VIDEO: 2018 Meet the residents!

 
Transcript of Interviews 2018 GME Welcome

About Graduate Medical Education
The John A. Burns School of Medicine (JABSOM) sponsors 20 accredited graduate medical education programs, training about 235 physicians annually in residency and fellowship programs which last between three to seven years. The MDs work at our community health center academic training sites, under faculty supervision, while gaining experience which will prepare them for licensure and board certification. These doctors train in the specialties of Family Medicine, Sports Medicine, Internal Medicine, Cardiology, Geriatric Medicine, Obstetrics and Gynecology, Orthopedic Surgery, Pathology, Pediatrics, Neonatal-Perinatal Medicine, General Psychiatry, Addiction Psychiatry, Child and Adolescent Psychiatry, Geriatric Psychiatry, General Surgery and Surgical Critical Care.

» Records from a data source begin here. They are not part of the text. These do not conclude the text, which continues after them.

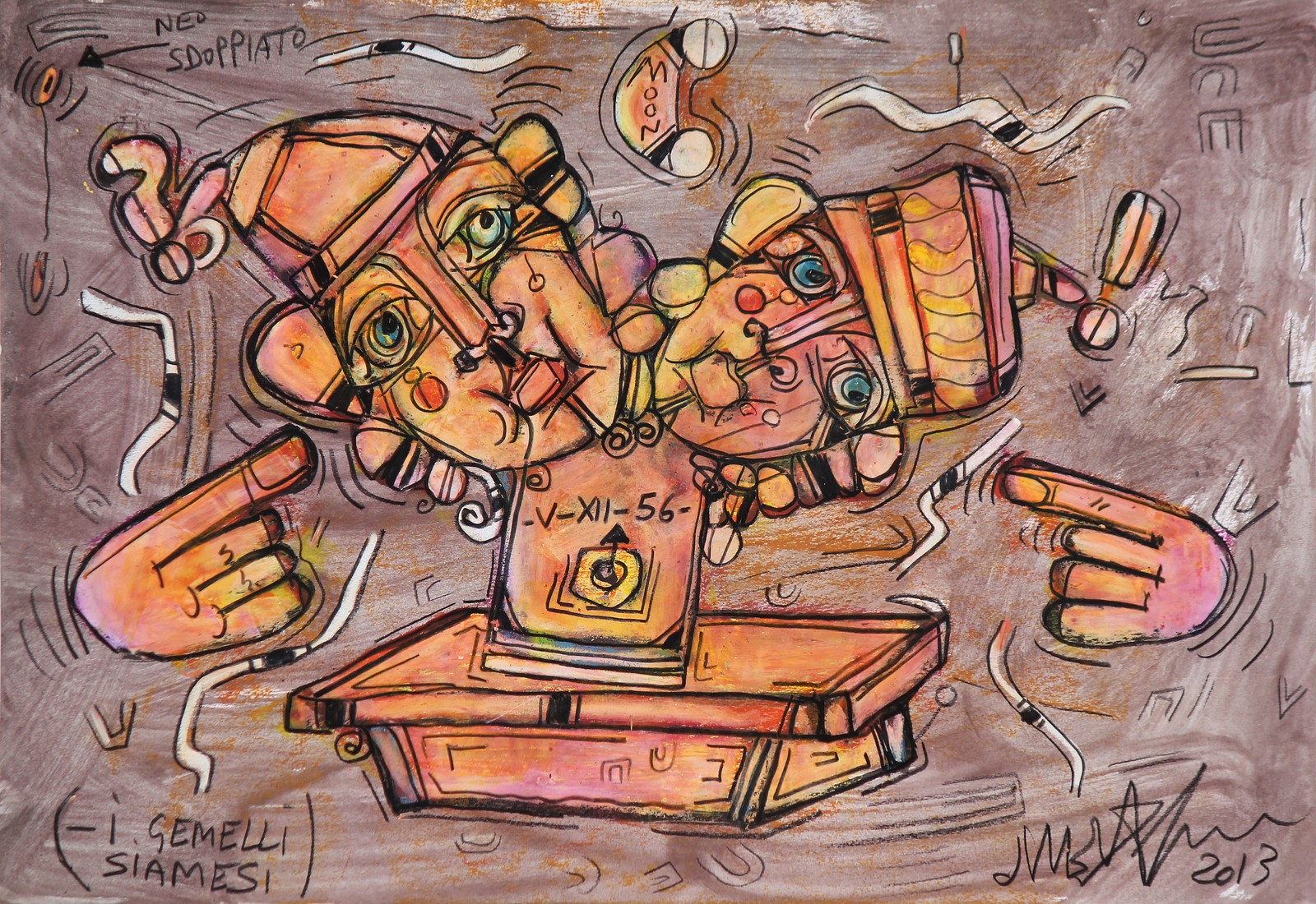 DELEGO MARTINO (n. 1956) I gemelli siamesi. 2013. Tecnica mista su carta. Cm...
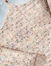 This isn't any regular tweed... Woven with metallic fabric, it'll sparkle under December sun with a detachable faux fur collar that matches icy school runs. Built with a skirted hem and structured shoulders, it fastens with poppers for easy dressing. Blue
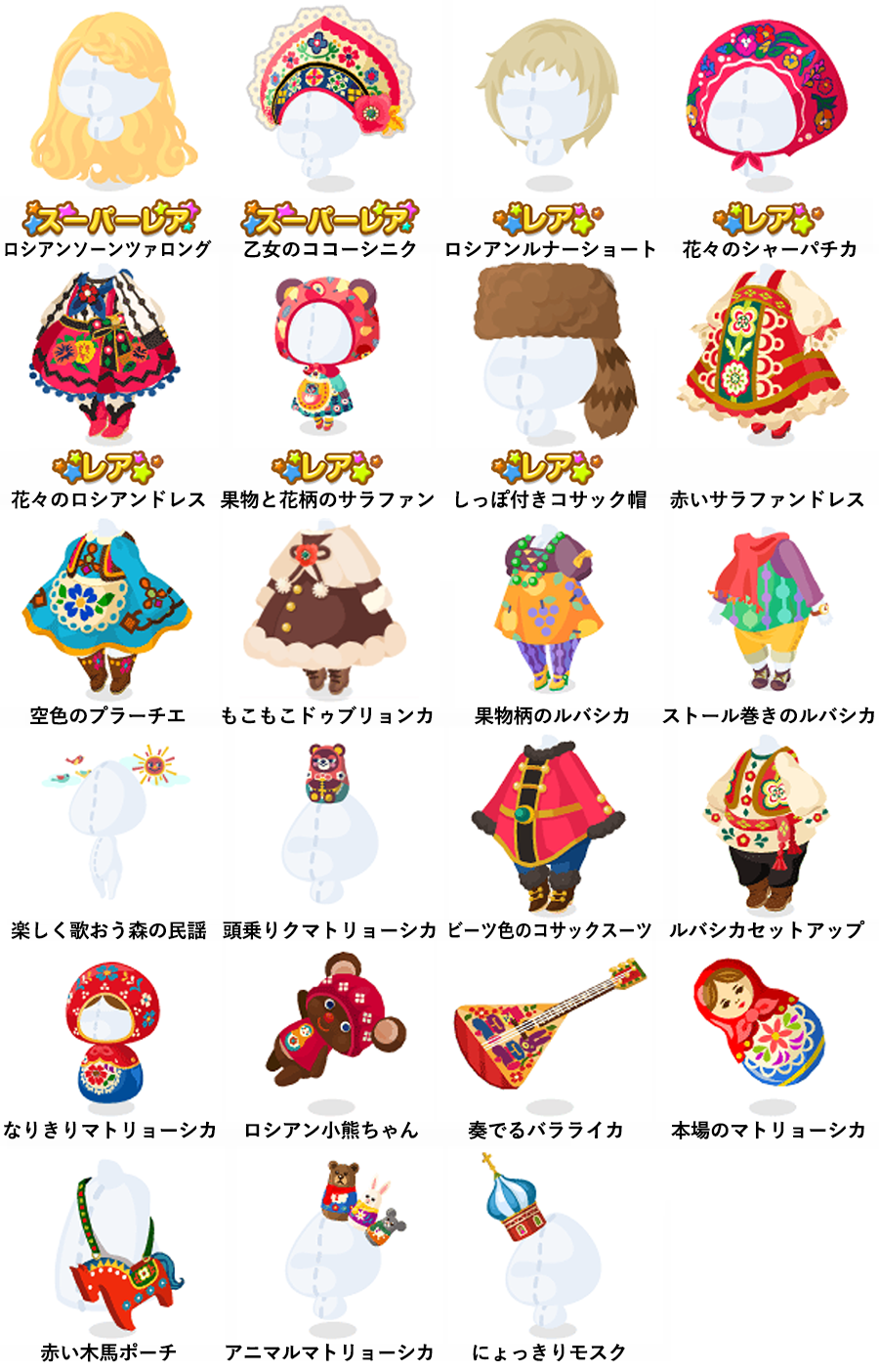 ★ロシアンソーンツァロング ★乙女のココーシニク ☆ロシアンルナーショート ☆花々のシャーパチカ ☆花々のロシアンドレス ☆果物と花柄のサラファン ☆しっぽ付きコサック帽 赤いサラファンドレス 空色のプラーチエ もこもこドゥブリョンカ 果物柄のルバシカ ストール巻きのルバシカ 楽しく歌おう森の民謡 頭乗りクマトリョーシカ ビーツ色のコサックスーツ ルバシカセットアップ なりきりマトリョーシカ ロシアン小熊ちゃん 奏でるバラライカ 本場のマトリョーシカ 赤い木馬ポーチ アニマルマトリョーシカ にょっきりモスク

Graduate Medical Education (GME) training supervised by JABSOM faculty occurs in a variety of community healthcare facilities including those of The Queen’s Health Systems, Hawaiʻi Pacific Health (Kapi‘olani Medical Center for Women and Children, Pali Momi Medical Center, Straub Medical Center, Wilcox Hospital), Kuakini Medical Center, Kaiser Permanente Moanalua Medical Center, U.S. Department of Veteran’s Affairs, Tripler Army Medical Center, the Mililani Physician Center, Rehabilitation Hospital of the Pacific, Shriners Hospital for Children, Wahiawā General Hospital and the Hawaiʻi State Department of Health (Hawaiʻi State Hospital and community clinics), and we are affiliated with Maui Medical Center, the Hilo Medical Center and Bay Clinic in Hilo, and the North Hawai’i Community Hospital.